You need to be friends with her, for example, with C # and make a normal application with a user-friendly interface. There are several options to make friends with C# model. Consider ONNX. So, let’s convert the model to the onnx format. Next, look in Google or YouTube tutorial for example this. We try to repeat and … the code does not work. But the performance of the code is captured on video! We look very carefully and install exactly those versions of the libraries. It works now.

But the model does not see anything. Let’s assume that C# feeds the image to the grid differently than Python. Let’s check.

To do this, we will make a small grid that will take a 3 * 3 image as an input and simply output 27 digits corresponding to the colors of the pixels as an output.

test model
input = Input(shape=[IMG_SIZE, IMG_SIZE, IMG_CHANNELS], name="image")
output = Flatten()(input)
model = tf.keras.models.Model(input, output)

Let’s give it a blue picture in Python and C# as input, compare the results:

We see that, unlike Python, C# first extracts all bytes of the same color, then the second and third.

We indicate in the pixel extractor what is not necessary, and at the same time indicate the correct order of colors.

code
...
.Append(context.Transforms.ExtractPixels(outputColumnName: "image",
                                         orderOfExtraction: ImagePixelExtractingEstimator.ColorsOrder.ABGR,
                                         colorsToExtract: ImagePixelExtractingEstimator.ColorBits.Rgb, 
                                         interleavePixelColors: true 
                                        ))

Well, now, the model sees everything as it should be. Let’s go back to the library version. If you believe that here written by Microsoft decided to remove Bitmap support, because this entity is only in Windows. Instead, they suggest using MLImage. I love it when authors change interfaces. Let’s try. And when we pass the image loaded from the file to the model: MLImage.CreateFromFile(String) there really are no problems.

But we want a webcam, in real time, and not just watch, but draw in every frame. Google has a lot of examples of how to work with a webcam using Emgu.CV. And what is most captivating is that they work without dancing with a tambourine.

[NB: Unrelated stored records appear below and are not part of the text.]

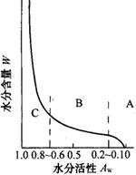 释义 | 固体饮料的基本特性 (一)流动性 固体饮料在输送时经常发生附着,凝聚等现象,因此在输送固体饮料时往往产生流动性的问题。为了改善流动性需要减少粉末饮料的水分含量,或进行造粒和添加防固化剂。 (1)静止角 静止角(Angle of repose)又称堆积角,是表示粉体食品流动性的最一般特性,堆积角30°以下时流动性最好,30°~45°时中等,45°以上时凝聚性加强,流动性变差。粉粒体的大小是影响固体饮料静止角的重要因素,随粒子变大静止角成正比例减小,流动性变好。 (2)压缩度 压缩度C可用下式表示: 式中 ρc——压实密度 ρb——松散密度 一般速溶咖啡的压缩度为30%~35%,脱脂乳粉压缩度25%~30%,全脂乳粉压缩度40%~50%。压缩度20%以下时,流动性变好,容易从料斗、旋风分离器中流出,而压缩度超过40%的粉粒体,则不易排出。粒子直径大时,压缩度变小,流动性良好。如果将固体饮料粉末造粒,可降低压缩度,提高流动性。 (二)固体饮料的热特性 固体饮料的形状因干燥方法而有所不同,冻结干燥、喷雾干燥的粉末固体饮料为多孔性结构,热特性值随孔隙率而变化。固体饮料的生产离不开加热和冷却的传热操作,因此必须了解固体饮料的热特性。 (1)比热容 固体饮料的热特性主要有热导率和比热容,比热容为粉粒和媒体各自性质的平均值。设粉粒比热容cs,媒体比热容cg质量分别为ms、mg,则比热容c为: 式中m可用粉粒体积比Φ或空隙率ε表示: 式中 ρs——粉体粒子密度 ρg——气体密度 (2)热导率 粉粒体的热导率可以通过粉粒体填充层传热特性进行研究,包括:①固体接触传热;②固体内传导率;③空隙间辐射、导热;④固体面向辐射传热;⑤接触面传热,其中①、②、⑤为串联,③、④为并联导热。一般粉体的热传导根据粒子的集合和充填状态而变化,粉体系热导率λ可以简单地用固体部分的热导率λs和媒体部分的热导率λg合成表示,单位体积的热导率可用下式表示: 或λ=(1-ε)λs+ελg (λs>10λg,ε<30%) (三)固体饮料的粒度 固体饮料的最基本特性,包括溶解性、流动性和填充密度都受粉粒体的粒度分布影响,另外,粉体饮料的变质是由空气的氧化所致,其氧化速度与粒径成正比,因此固体饮料的粒度是重要的物性。固体饮料含糖多,容易吸湿和凝聚。固体饮料中的脂肪成分在常温下也会黏附。 根据横坐标为粒子直径(μm)、纵坐标为质量频度(%/100μm)作出的速溶咖啡粒度频度分布曲线可知,固体饮料通过造粒或添加乳化剂等,使其速溶化后,粒度分布范围变广,同时由于造粒,小粒粉体消失,频率分布曲线有向大粒子移动的倾向。 (四)固体饮料水分活性与安全保藏水分含量 (1)水分活性(Aw) 水分活性是水分热力学的活动度,一般可通过蒸汽压法或一定温度下平衡质量测定法,按下式求出: Aw=p/p0=RH/100 式中 p0——一定温度下纯水平衡蒸汽压 p——同温度下系统中水的平衡蒸汽压 RH——相对湿度(%) 纯水(水分100%)p=p0,Aw=1.0。 无包装的干燥食品容易吸湿,从而引起变色(褐变)、蛋白质分解等物性变化,以及发霉等的质量劣化。过去常将固体饮料的水分含量(W)作为控制指标,近年来Aw作为管理指标,愈加显得重要,而且较为合理。根据变质速度与水分活性Aw的曲线,以单分子层吸收水分量Wm为界限,当Aw低于Wm时,固体饮料以脂肪、色素类、蛋白质的氧化而引起的变质为主。相反,当Aw大于Wm时,多发生脂肪的水解、非酶褐变以及酶活化产生的变色、退色和蛋白质分解作用。Aw高的制品,霉菌、酵母和细菌易作用。单分子层吸收水分量Wm根据食品的种类而不同,一般在2%~10%范围内,应根据不同干燥方法获得的制品水分含量,进行质量控制。例如冻结真空干燥制品水分50%左右,首先应注意防止脂肪氧化和变色。 图2-6-1为W-Aw曲线,图2-6-2为吸收等温线。按Aw范围,分为三部分,即A区单分子层吸收水,B区多分子层吸收水和C区毛细管凝缩水。根据系统中水的存在形态,WAw曲线各不相同,一般可分为以下4种类型: 图2-6-1 水分含量(W)-水分活性(Aw)曲线 图2-6-2 吸收等温线 ①淀粉类单分子层吸收水分量Wm约6%,此时的Aw约为0.15。 ②蛋白质类Wm约3.5%,Aw0.15。 ③蔬菜、乳粉类Wm约2.0%,Aw0.06。 ④果汁类 果汁粉富含糖类,Aw接近0,看不到Wm值。 (2)安全保藏水分含量 安全保藏水分是保证质量安全与Aw相对应的水分含量(Ws)。为了确定Ws,可以制造基本作为目标制品水分含量前后的各种水分含量的制品,将其在低于与之相当的Aw,或在高于相应的Aw的相对湿度下贮藏,从感官、理化和微生物等指标判定其质量的劣化程度。最初以B、E、T法求出的单分子吸收水分含量Wm作为安全保藏水分量,但从图2-6-1可知,除单分子层吸收区外,更多存在多分子层吸收区(B),为此Caurie提出以按下式规定的固形物浓度的自然对数为纵轴,以Aw或相对湿度RH为横轴,求得吸收等温线,并将其称为自然水分吸收等温线(图2-6-3)。 图2-6-3 自然吸收等温线 由图2-6-2 RH和Inc曲线可知,RH85%以前为一直线,因此 式中 c——任一Aw下的固形物浓度 c0——Aw为零时的浓度 γ——斜度反对数 食品安全保藏水分Ws与lnc0的关系: 根据Caurie理论,从热力学方面分析,一般食品在Aw=0时的吸收热Qs为47.28kJ,Aw=0.784时为零,将上式中Ws用Qs代入,就可求出Ws。 |
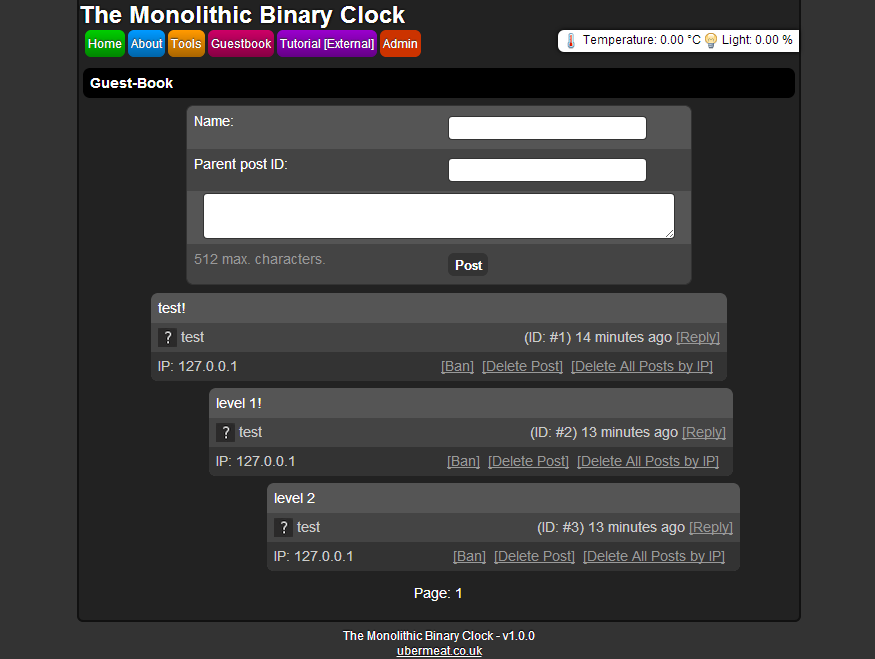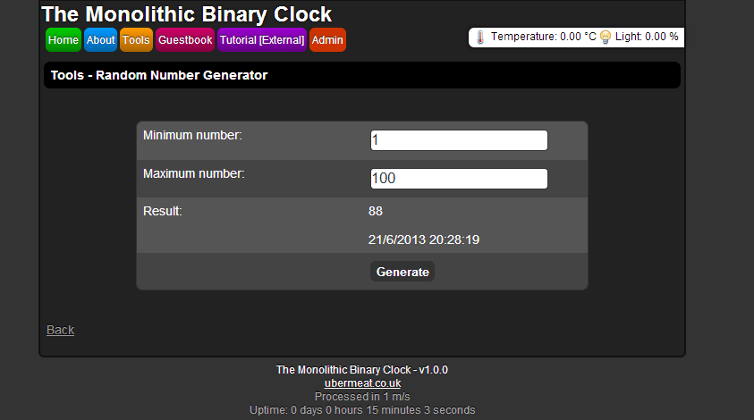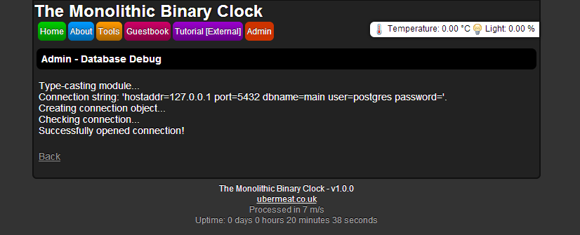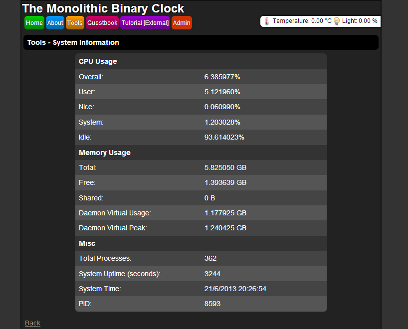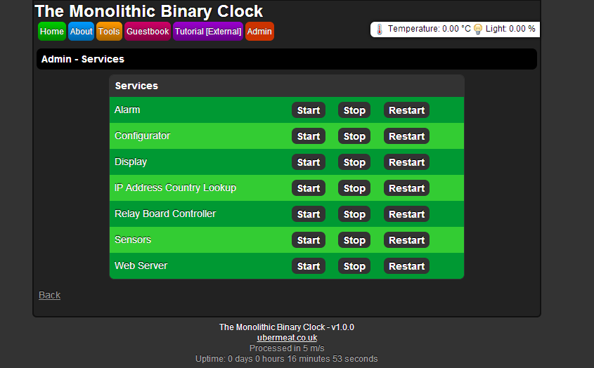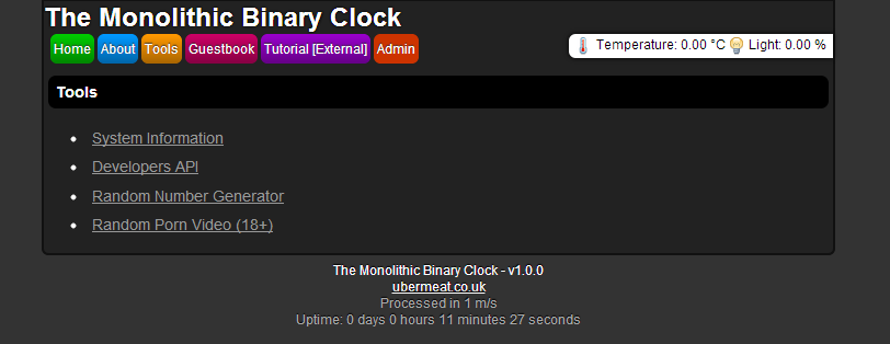Binary clock's homepage, served by the program its self. Written in C++ and multi-threaded using C++ 11.
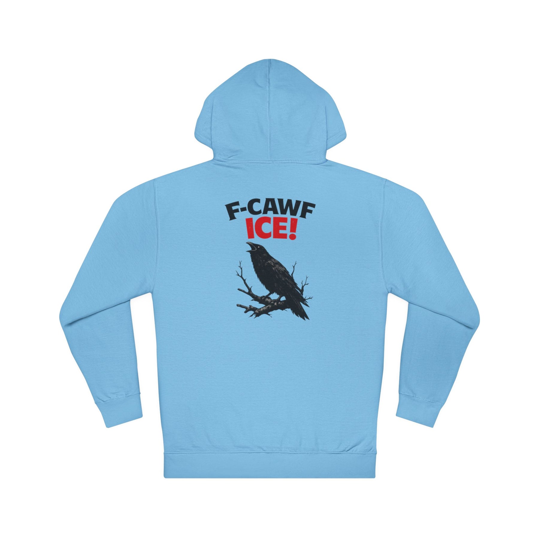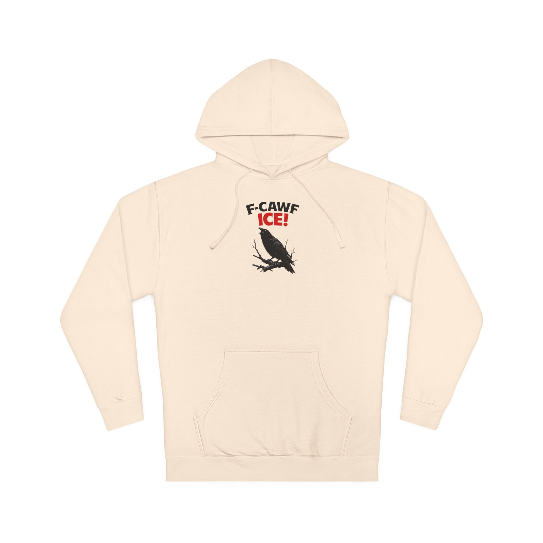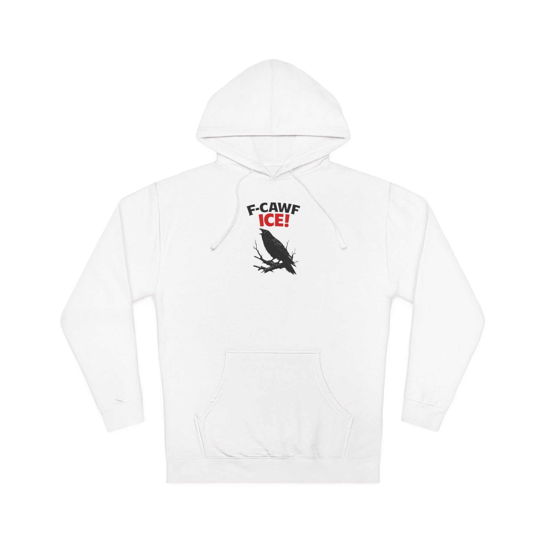 F-CAWF ICE! Read it out loud—the crow already did. This isn’t clever for fun; it’s pissed on purpose. A crow mid-call, red ICE staring back, punctuation where restraint ends. The joke lands because the reality is inhumane, and humor is the fastest way to say what shouldn’t need explaining. It’s sharp, readable, and intentionally impatient with politeness. Printed on a substantial unisex pullover hoodie, it wears solid, keeps its shape, and holds the line in regular rotation.
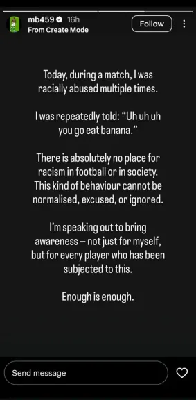 "اليوم خلال المباراة، تعرضتُ لإساءات عنصرية متكررة. قيل لي مرارًا: 'أوه أوه اذهب، كُل موزة'. لا مكان للعنصرية في كرة القدم، ولا في المجتمع. لا يمكن تبرير هذا السلوك أو التغاضي عنه."
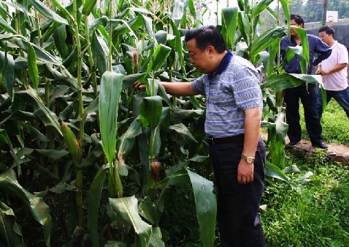 农业部副部长张桃林(左三)在市委常委、自治县委书记杨兴友(左四),自治县委副书记、县长陈波(左二),自治县委副书记、草海管理局党委书记冯兴忠(左一)等领导陪同下到我县小海镇调研高产玉米种植情况。

Emgu.CV extracts frames from the webcam into objects of type Mat. In fact, this is just a matrix, in our case, bytes. An MLImage can be created from a linear array of bytes: CreateFromPixels(Int32, Int32, MLPixelFormat, ReadOnlySpan).

We draw out our Mat and try to create an MLImage.

code
Mat m = new Mat();
webcam.Retrieve(m);
Bitmap img = m.ToImage<Bgr, byte>().ToBitmap();
byte[] barray = new byte[img.Width*img.Height*3];
m.CopyTo(barray);
MLImage image = MLImage.CreateFromPixels(img.Width, img.Height, MLPixelFormat.Bgra32, barray);

The Bitmap here is only created for output to the pictureBox. We start and the model sees nothing. Again, we look at how the data is transmitted, and the problem is that the MLImage pixel format always contains an alpha layer, and the Mat from the camera comes without it. Adding alpha:

code
Mat m = new Mat();
webcam.Retrieve(m);
Bitmap img = m.ToImage<Bgr, byte>().ToBitmap();
CvInvoke.CvtColor(m, m, ColorConversion.Bgr2Bgra);
byte[] barray = new byte[img.Width*img.Height*4];
m.CopyTo(barray);
MLImage image = MLImage.CreateFromPixels(img.Width, img.Height, MLPixelFormat.Bgra32, barray);

and we get what we were looking for:

PS. Most of the code in the project was taken from the indicated sources with almost no changes, or with minor adjustments, here I have indicated only non-obvious points. If you are interested in details, write.